I have an interview this coming week, for a position that the company wants filled immediately. In this economy, I'm not confident I will land this job or any other jobs in the near future.

If I tell my supervisor I am looking for a new job, it will result in him giving me fewer projects. I need the experience of new projects though to boost my resume.

In short, what would you do?

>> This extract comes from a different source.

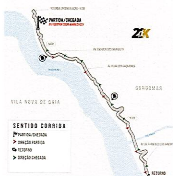
Meia-Maratona 21 Km

A Meia-Maratona 21 Km tem a partida e chegada na estrada N108 nas coordenadas 41°08'23.1"N, 8°34'18.1"W - Avenida Escritor Costa Barreto 201, parte em direção a Foz de Sousa, faz o retorno na Av. Dr. Francisco Sá Carneiro e segue novamente pela estrada N108 até á Avenida Escritor Costa Barreto 201 até a meta.

I feel like my supervisor is asking too much and I need to look out for myself. When I put myself in his shoes, I would be extremely unhappy if I left without giving notice. I feel like I'm stuck.
posted by parakeetdog to Work & Money (35 answers total)
 
Is this supervisor ever going to be a reference? Don't burn any bridge!
posted by roomthreeseventeen at 11:44 AM on August 13, 2011 [1 favorite]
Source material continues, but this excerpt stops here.